For the entries below, copy exactly the line that contains "Vámi zvolená deska" through the line that contains "Work of Science: 'B1", both ends included, and exclude all pictures.
Start of Provided information
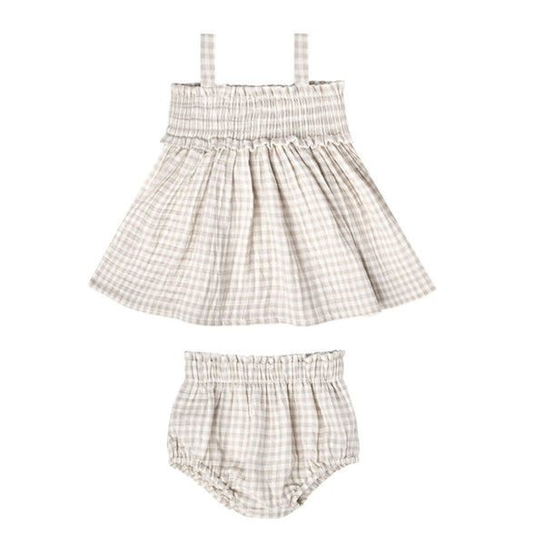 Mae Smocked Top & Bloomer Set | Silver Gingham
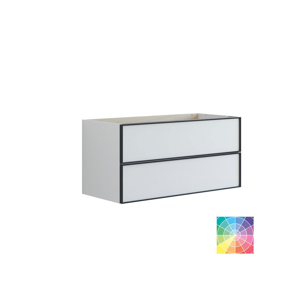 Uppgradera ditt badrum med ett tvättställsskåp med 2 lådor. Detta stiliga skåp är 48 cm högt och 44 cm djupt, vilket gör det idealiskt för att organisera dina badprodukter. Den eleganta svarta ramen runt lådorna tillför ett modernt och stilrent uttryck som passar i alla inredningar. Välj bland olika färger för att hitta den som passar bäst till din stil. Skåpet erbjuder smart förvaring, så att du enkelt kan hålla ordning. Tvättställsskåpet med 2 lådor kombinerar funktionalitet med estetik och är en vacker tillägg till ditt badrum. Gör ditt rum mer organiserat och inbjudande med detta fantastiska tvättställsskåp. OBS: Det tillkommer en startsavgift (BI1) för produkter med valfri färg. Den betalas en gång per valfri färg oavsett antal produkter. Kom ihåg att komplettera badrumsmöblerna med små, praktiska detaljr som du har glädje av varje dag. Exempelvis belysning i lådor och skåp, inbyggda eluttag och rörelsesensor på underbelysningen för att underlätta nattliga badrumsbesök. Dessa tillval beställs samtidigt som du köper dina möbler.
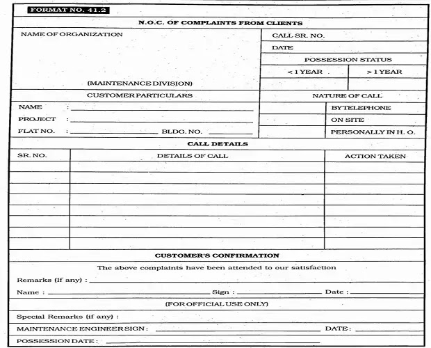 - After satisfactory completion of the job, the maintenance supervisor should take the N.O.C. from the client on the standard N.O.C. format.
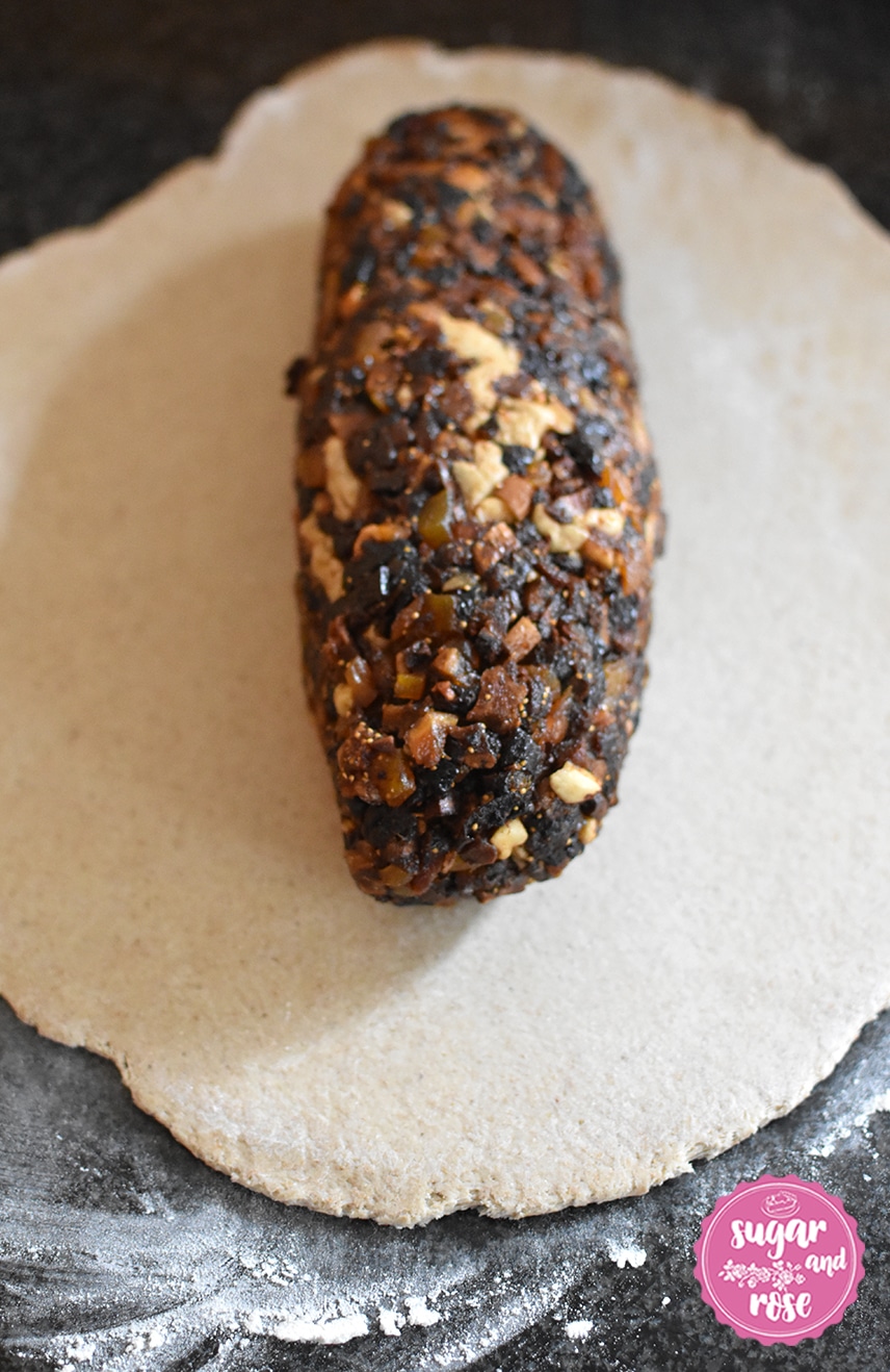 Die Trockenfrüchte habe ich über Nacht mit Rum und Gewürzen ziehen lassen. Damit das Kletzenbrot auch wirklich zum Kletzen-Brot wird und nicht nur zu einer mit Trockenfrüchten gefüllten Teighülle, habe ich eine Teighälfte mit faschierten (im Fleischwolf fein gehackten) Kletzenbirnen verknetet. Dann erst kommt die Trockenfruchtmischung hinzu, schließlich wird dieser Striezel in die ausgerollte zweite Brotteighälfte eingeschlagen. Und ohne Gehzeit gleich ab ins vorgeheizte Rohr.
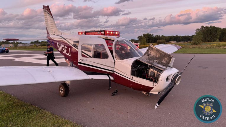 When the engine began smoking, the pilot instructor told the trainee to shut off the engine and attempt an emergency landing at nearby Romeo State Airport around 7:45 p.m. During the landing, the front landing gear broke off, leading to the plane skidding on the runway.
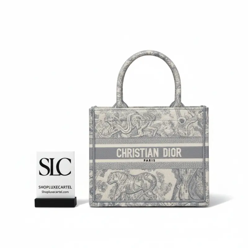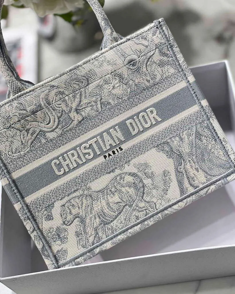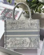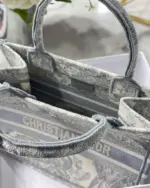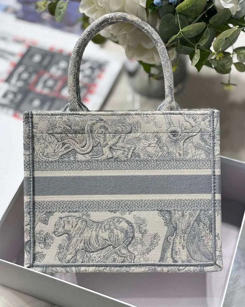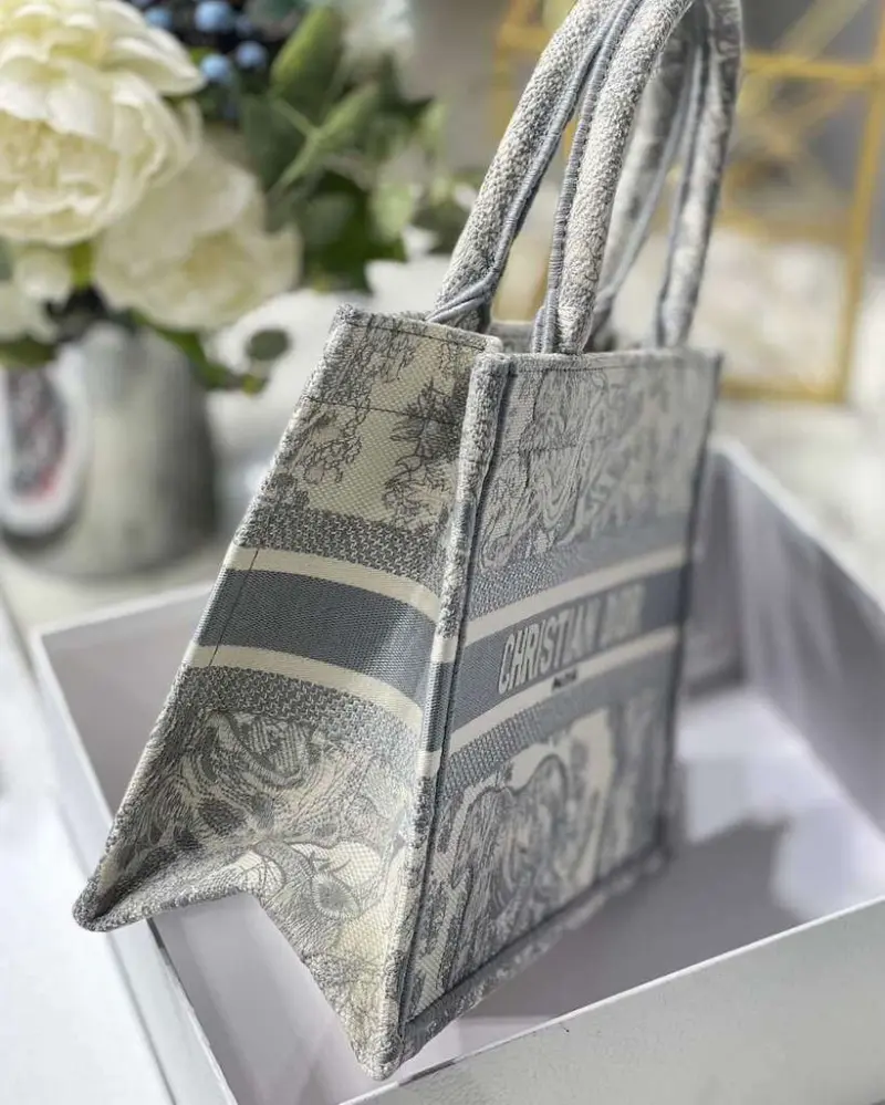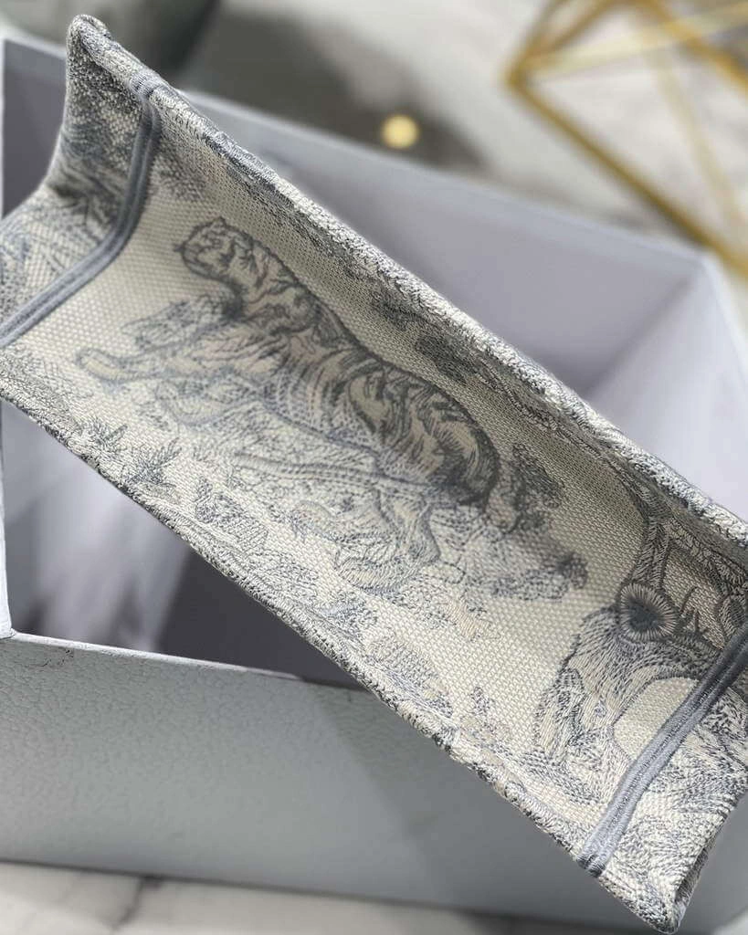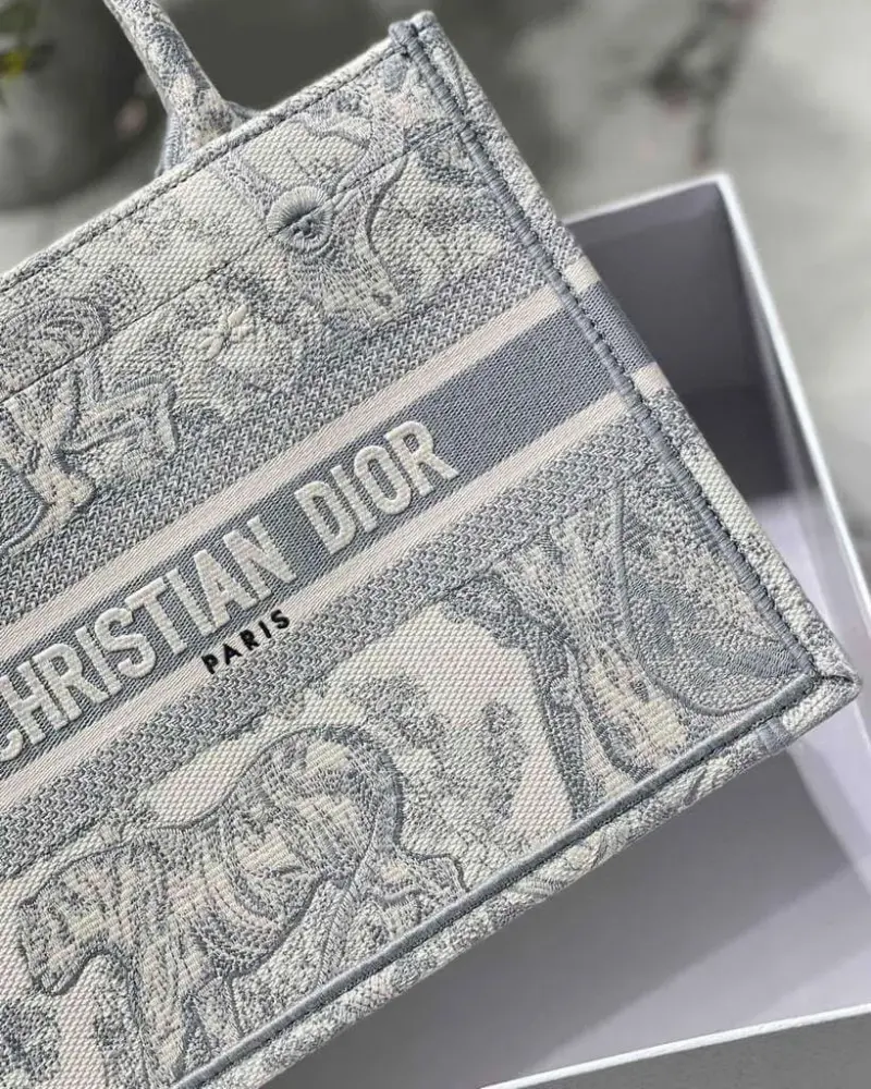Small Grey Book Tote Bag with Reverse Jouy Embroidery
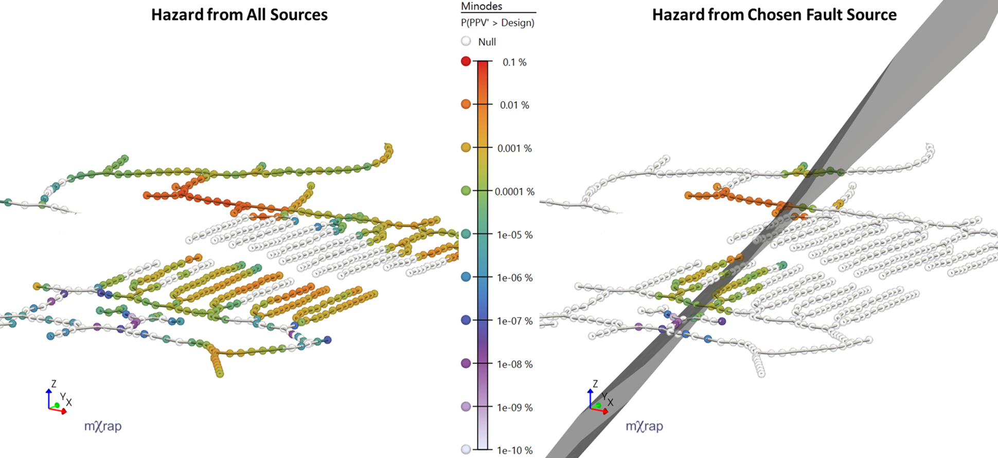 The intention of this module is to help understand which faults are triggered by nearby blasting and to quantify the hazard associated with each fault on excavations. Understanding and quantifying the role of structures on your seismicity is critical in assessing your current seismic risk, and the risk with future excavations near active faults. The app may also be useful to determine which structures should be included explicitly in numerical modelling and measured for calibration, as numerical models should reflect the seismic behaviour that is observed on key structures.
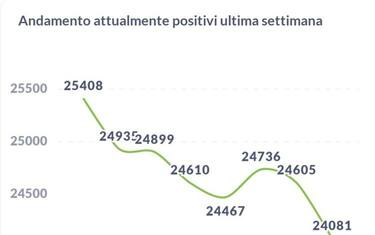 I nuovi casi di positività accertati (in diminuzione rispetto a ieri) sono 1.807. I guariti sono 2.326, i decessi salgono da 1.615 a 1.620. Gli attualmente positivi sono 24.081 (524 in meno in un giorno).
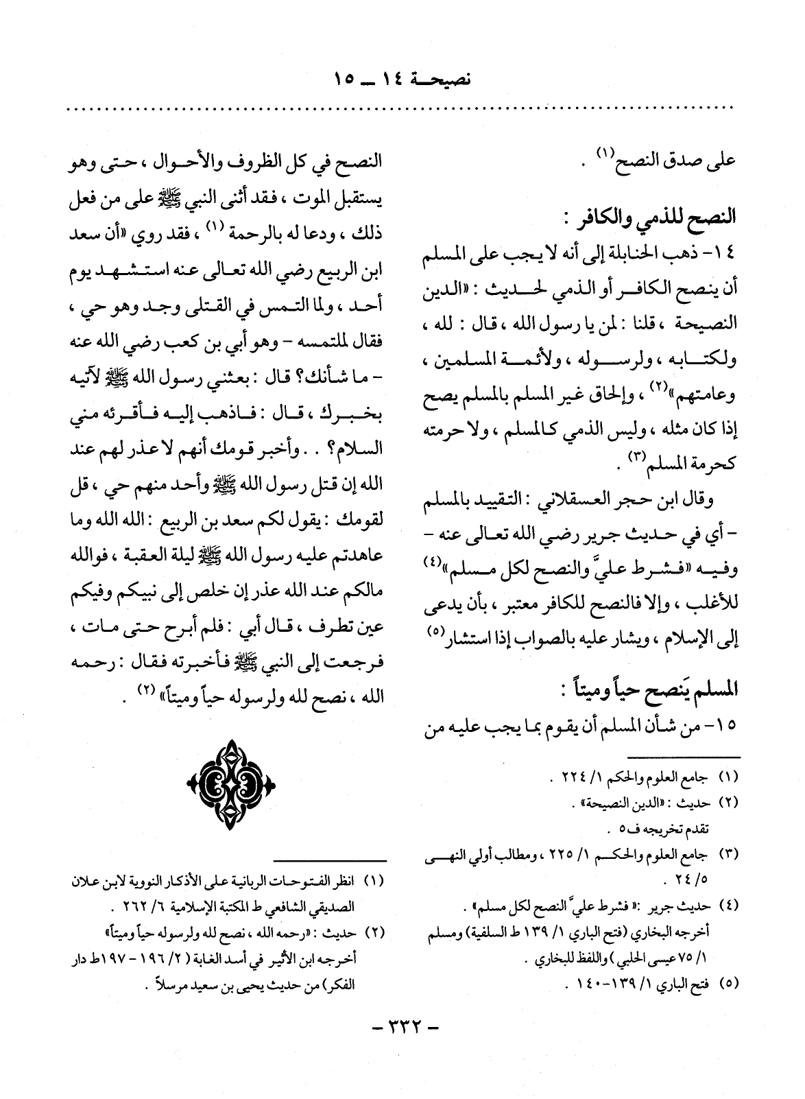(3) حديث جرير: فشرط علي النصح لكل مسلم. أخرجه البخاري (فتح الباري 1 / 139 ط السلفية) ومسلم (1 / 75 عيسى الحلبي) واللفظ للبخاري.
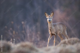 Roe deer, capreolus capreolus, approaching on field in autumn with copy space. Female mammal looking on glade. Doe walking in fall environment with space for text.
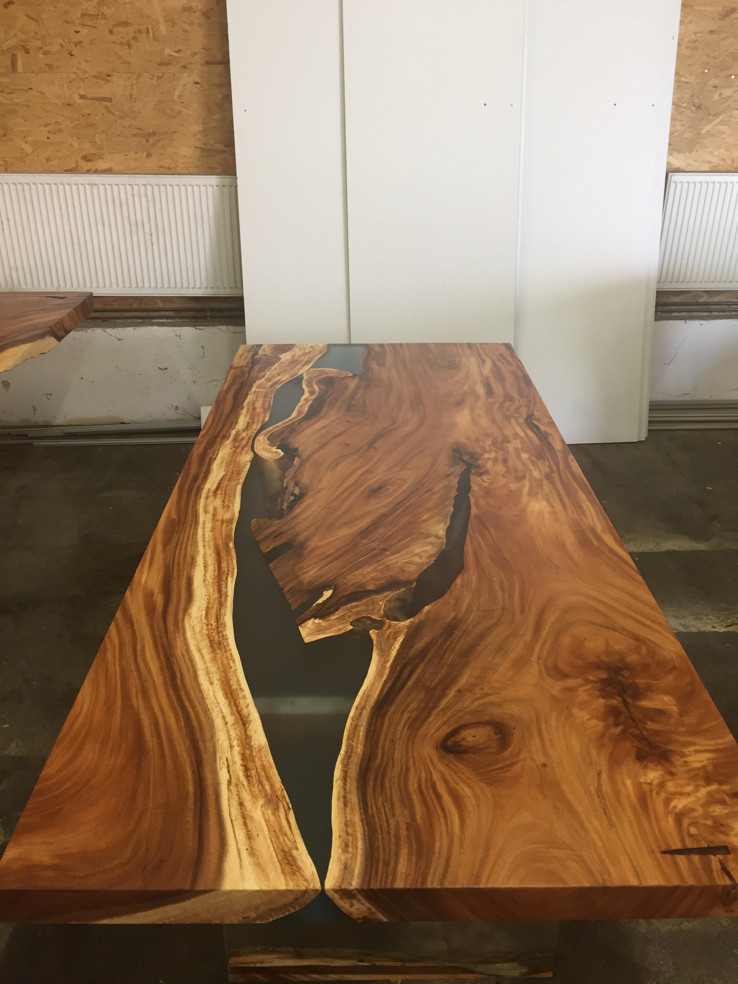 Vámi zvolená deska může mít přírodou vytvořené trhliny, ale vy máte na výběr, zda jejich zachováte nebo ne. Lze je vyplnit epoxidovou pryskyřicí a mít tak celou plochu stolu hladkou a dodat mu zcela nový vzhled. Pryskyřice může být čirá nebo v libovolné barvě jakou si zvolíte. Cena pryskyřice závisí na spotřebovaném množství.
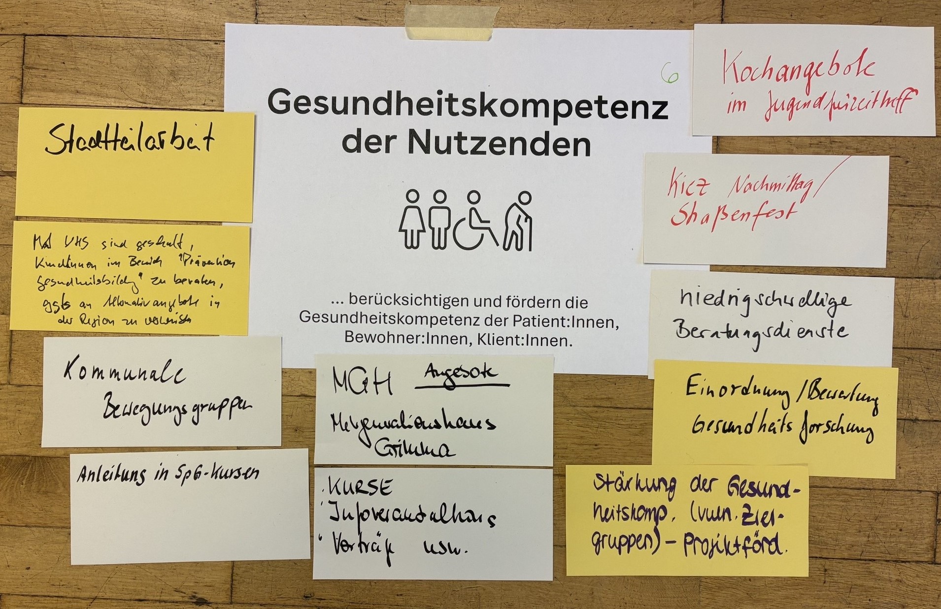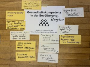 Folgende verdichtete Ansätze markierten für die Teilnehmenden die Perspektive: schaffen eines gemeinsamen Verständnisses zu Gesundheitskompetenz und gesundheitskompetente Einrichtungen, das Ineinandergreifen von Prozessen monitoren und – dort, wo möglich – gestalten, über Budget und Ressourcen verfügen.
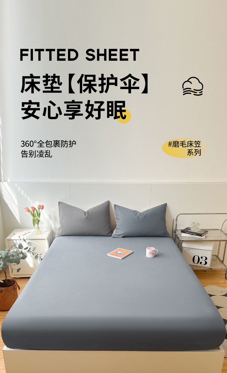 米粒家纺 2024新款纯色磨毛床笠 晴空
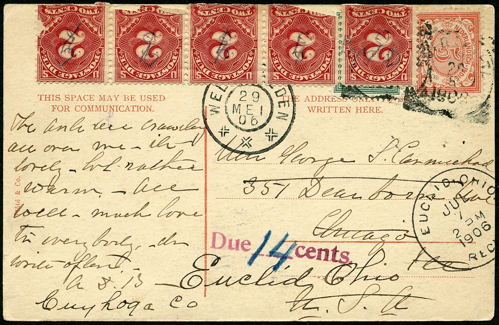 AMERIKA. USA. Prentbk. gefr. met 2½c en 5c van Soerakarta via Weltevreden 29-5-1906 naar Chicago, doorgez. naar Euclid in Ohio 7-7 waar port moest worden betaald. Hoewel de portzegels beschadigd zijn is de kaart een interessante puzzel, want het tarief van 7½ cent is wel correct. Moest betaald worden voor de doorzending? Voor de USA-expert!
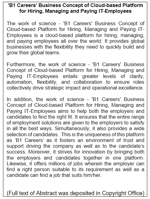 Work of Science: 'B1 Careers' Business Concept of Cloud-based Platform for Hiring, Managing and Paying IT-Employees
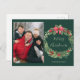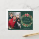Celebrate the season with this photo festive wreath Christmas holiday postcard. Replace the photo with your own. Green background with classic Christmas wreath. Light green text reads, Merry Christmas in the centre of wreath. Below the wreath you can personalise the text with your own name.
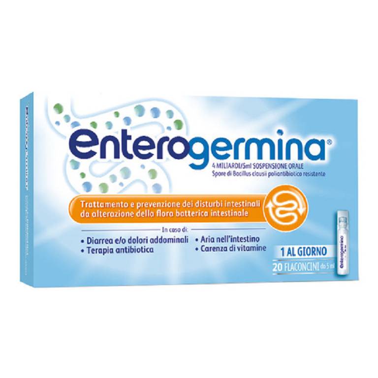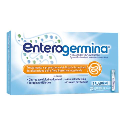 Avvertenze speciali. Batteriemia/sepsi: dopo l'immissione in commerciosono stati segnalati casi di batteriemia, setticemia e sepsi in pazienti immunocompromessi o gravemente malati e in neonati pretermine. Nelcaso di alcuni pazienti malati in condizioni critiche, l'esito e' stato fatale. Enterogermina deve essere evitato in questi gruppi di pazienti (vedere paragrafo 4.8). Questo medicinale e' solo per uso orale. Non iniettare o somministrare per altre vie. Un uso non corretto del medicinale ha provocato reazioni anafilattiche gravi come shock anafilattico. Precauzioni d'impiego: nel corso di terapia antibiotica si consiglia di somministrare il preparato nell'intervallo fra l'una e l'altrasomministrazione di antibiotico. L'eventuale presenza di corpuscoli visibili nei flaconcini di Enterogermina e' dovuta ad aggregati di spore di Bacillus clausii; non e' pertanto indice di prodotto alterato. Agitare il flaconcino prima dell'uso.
End of Provided information
Response:
 Vámi zvolená deska může mít přírodou vytvořené trhliny, ale vy máte na výběr, zda jejich zachováte nebo ne. Lze je vyplnit epoxidovou pryskyřicí a mít tak celou plochu stolu hladkou a dodat mu zcela nový vzhled. Pryskyřice může být čirá nebo v libovolné barvě jakou si zvolíte. Cena pryskyřice závisí na spotřebovaném množství.
 Folgende verdichtete Ansätze markierten für die Teilnehmenden die Perspektive: schaffen eines gemeinsamen Verständnisses zu Gesundheitskompetenz und gesundheitskompetente Einrichtungen, das Ineinandergreifen von Prozessen monitoren und – dort, wo möglich – gestalten, über Budget und Ressourcen verfügen.
 米粒家纺 2024新款纯色磨毛床笠 晴空
 AMERIKA. USA. Prentbk. gefr. met 2½c en 5c van Soerakarta via Weltevreden 29-5-1906 naar Chicago, doorgez. naar Euclid in Ohio 7-7 waar port moest worden betaald. Hoewel de portzegels beschadigd zijn is de kaart een interessante puzzel, want het tarief van 7½ cent is wel correct. Moest betaald worden voor de doorzending? Voor de USA-expert!
 Work of Science: 'B1 Careers' Business Concept of Cloud-based Platform for Hiring, Managing and Paying IT-Employees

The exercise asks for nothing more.